Le lien envoyé par courriel pour réinitialiser le mot de passe du compte Grindr se trouvait aussi dans le code source du site web.

Photo : Troy Hunt

Un pirate qui s’affairait à une telle démarche pouvait accéder à une foule d’informations délicates, dont les messages privés et le statut VIH de la personne.

La brèche de sécurité a d’abord été signalée par un chercheur en cybersécurité français, Wassime Bouimadaghene.

Précision

Dans une version antérieure de cet article, nous avions identifié Wassime Bouimadaghene comme étant un utilisateur de l'application; il est plutôt chercheur en cybersécurité.

Mais devant le silence de l'entreprise, il s’est tourné vers Troy Hunter et Scott Helme, des experts en sécurité informatique, pour documenter la faille.

Selon Rick Marini, le directeur des opérations de l’application, la brèche a été corrigée avant que des personnes mal intentionnées ne s’en emparent.

Pas une première

Ce n’est pas la première fois que l’application de rencontre est dans l'embarras pour des raisons de sécurité. Grindr avait été montrée du doigt en 2018 pour avoir laissé deux entreprises tierces accéder aux données privées de ses internautes, dont leur statut VIH.

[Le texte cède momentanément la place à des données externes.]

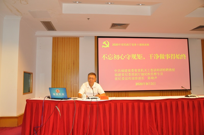 省直机关工委讲师团特聘教授、省纪委原副厅级纪检监察专员、宣传部原部长陈晓声作专题讲座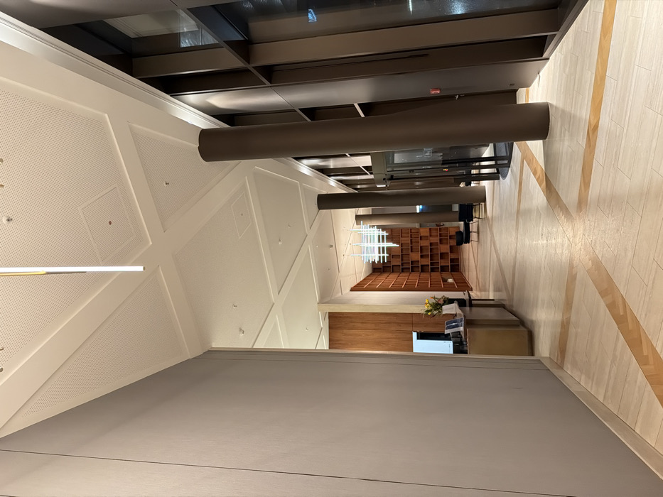 A contemporary building interior presents a view down a hallway. Overhead, dark, cylindrical structures traverse the space, aligning with a complex grid system. The ceiling is a geometric pattern of white panels, and the floor is tiled with beige and tan accents. In the distance, a wooden bookshelf and a reception desk can be seen, illuminated by a modern chandelier.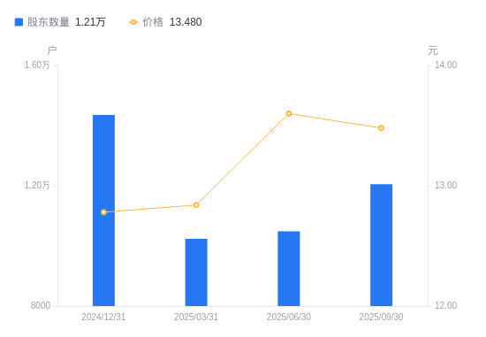 10月29日消息,数据显示,截至2025年9月30日,华菱精工A股股东总户数为1.21万户,较上期(2025年6月30日)增加1568户,增幅14.96%。公司最新A股总股本为1.33亿股,其中流通A股1.33亿股,户均持有流通A股数量为1.11万股,较上期减少1655股,降幅13.01%;户均持流通A股市值14.92万元,较上期减少2.38万元,降幅13.78%。

Rick Marini s’est toutefois voulu rassurant à l’égard des personnes utilisant le réseau de rencontre LGBTQ, précisant dans un communiqué envoyé à TechCrunch qu’il s’engageait à améliorer la sécurité du service. Il a également mentionné s’associer avec une firme de sécurité pour améliorer le système de signalement de ce type de problème par les internautes.

Il a profité de la tribune pour annoncer que l'entreprise travaillait sur un nouveau programme offrant des primes aux personnes qui décèleraient des failles dans son système.

Il ne reste qu’à voir si ces initiatives suffiront pour redonner un sentiment de sécurité aux quelque 27 millions de personnes inscrites sur l’application.